Я прошел мимо него, наклонился и поднял черную шляпу, какие носят в приграничье: с медными и серебряными иероглифами на ленте вокруг тульи.
– Что ты делаешь? – спросил он.
Я надел ее на голову, и она соскользнула мне почти на глаза. Она была мне велика, и я, наверное, выглядел в ней глупо, но мне было наплевать.
– Это называется путь Воды, Дексан. Ты пытался меня убить, поэтому я забираю твою шляпу.
52Предложение
Тем вечером мы действительно вернулись в дом Сенейры. Последовали долгие объяснения и ужин, который закончился тем, что Рейчис срыгивал мне на ухо разные комплименты повару, которые я должен был немедленно ему передать, а затем дом погрузился в усталую тишину. Сенейра с отцом, кажется, старались держаться молодцом ради нас с Фериус, но в каждом взгляде, которыми они обменивались, читалась тоска по Тайну.
– Ну, – сказала Фериус, встретившись со мной глазами, – уже поздно, и малышу просто позарез нужно баиньки, так что нам лучше всего будет…
– Вообще-то, – прервал ее Берен, положив руки на стол, – я хотел бы поговорить с Келленом у себя в кабинете.
Я не мог придумать причину для отказа. Сенейра как-то упомянула, что никто не заходит в кабинет ее отца, так что я понял, что такая приватная беседа была в некотором роде честью для меня. А может, утешительным призом.
– Неплохие здесь штучки, – негромко протрещал Рейчис, осматривая фигурки и артефакты, стоявшие на темных дубовых полках. – О-очень неплохие.
Я говорил ему не входить, но Рейчис не особо слушается приказов.
– Перестань пускать на них слюни, – сказал я, мягко пнув его. Берен уселся в одно из мягких кресел и жестом указал мне такое же.
– Ты – весьма замечательный юноша, Келлен из джен-теп.
– Келлен Аргос, – поправил я его, хотя и это имя прозвучало как-то неправильно, но я не хотел, чтобы меня принимали за одного из тех, чьи жестокие интриги едва не уничтожили Семь Песков. Берен кивнул.
– Конечно, конечно, – он потянулся к стоявшей на столике хрустальной бутылке, разлил ее темно-янтарное содержимое в два бокала и протянул один мне. – Это пацьоне, – произнес он, будто, услышав название напитка, я должен был испытать священный трепет.
Я сделал глоток. Конечно, я уже пробовал алкоголь, но, возможно, ничего более замечательного, чем пацьоне, я в жизни не пил.
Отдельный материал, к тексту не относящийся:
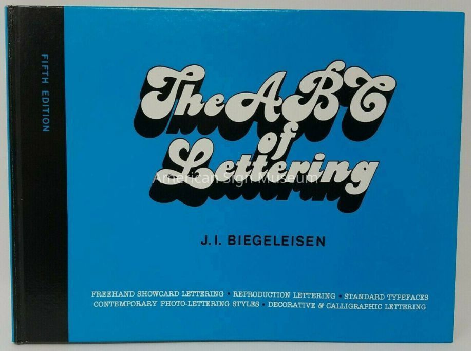 The ABC of Lettering by J.I. Biegeleisen. Published by ST Publications, Cincinnati, OH: 1986 (5th edition).Hardbound; B&W illustrations; 255 pages - (publisher info. , contents, and intro. pages not included in this printing)(See also 2000.0009.0165-0166 and 2000.0009.0168)"Freehand Showcard Lettering, Reproduction Lettering, Standard Typefaces, Contemporary Photo-Lettering Styles, Decorative Calligraphic Lettering."Collection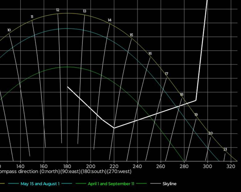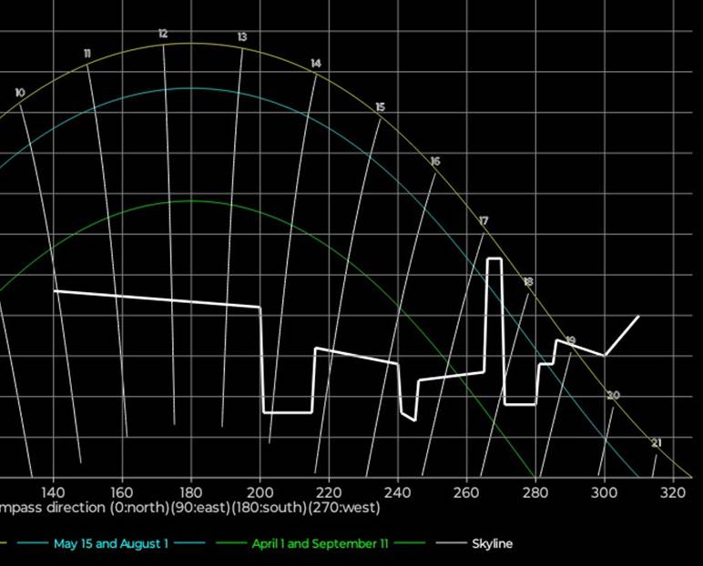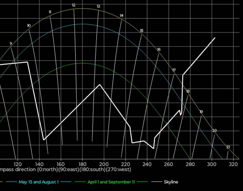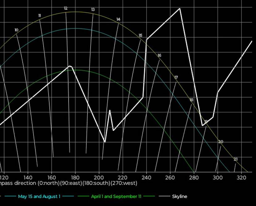 1/4 og 15/9 (grønn kurve) er det sol til ca 1345, dvs 1445 sommertid. Regn med feilmarginer på +/- en halv time, og vær klar over at andre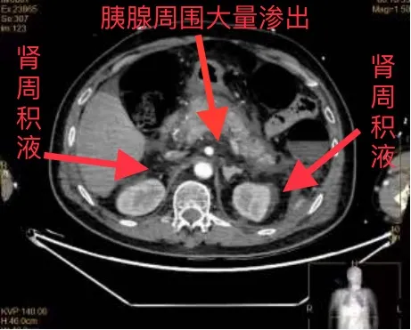 CT检查发现,廖爷爷胰腺周围大量渗出,双侧肾周积液,被确诊为重症急性胰腺炎

На вкус напиток был как смесь персика и какой-то пряности и сначала обжигал, потом холодил и снова обжигал кончик языка, постепенно обволакивая и согревая горло.
Рейчис, заглянув мне через плечо со спинки кресла, принюхался.
– Дай, – безапелляционно заявил белкокот.
Одна только мысль, что белкокот будет пить из моего бокала, показалась мне некультурной – не говоря уже о негигиеничности, – но, демоны преисподней, маленького засранца едва не съел крокодил всего несколько часов назад. Поэтому я неохотно поднес к нему стакан. Он окунул туда лапу и облизнул ее.
– Ах, хорошо, – промурлыкал он, и его мех стал коричневато-янтарного оттенка, почти под цвет напитка. Белкокот окунул лапу еще три раза, а потом я забрал у него бокал. Пьяный Рейчис – не лучшая идея для приличного общества.
Пить после того, как в мой пацьоне совал лапу белкокот, было противно, но я сделал второй глоток. Он был еще лучше первого.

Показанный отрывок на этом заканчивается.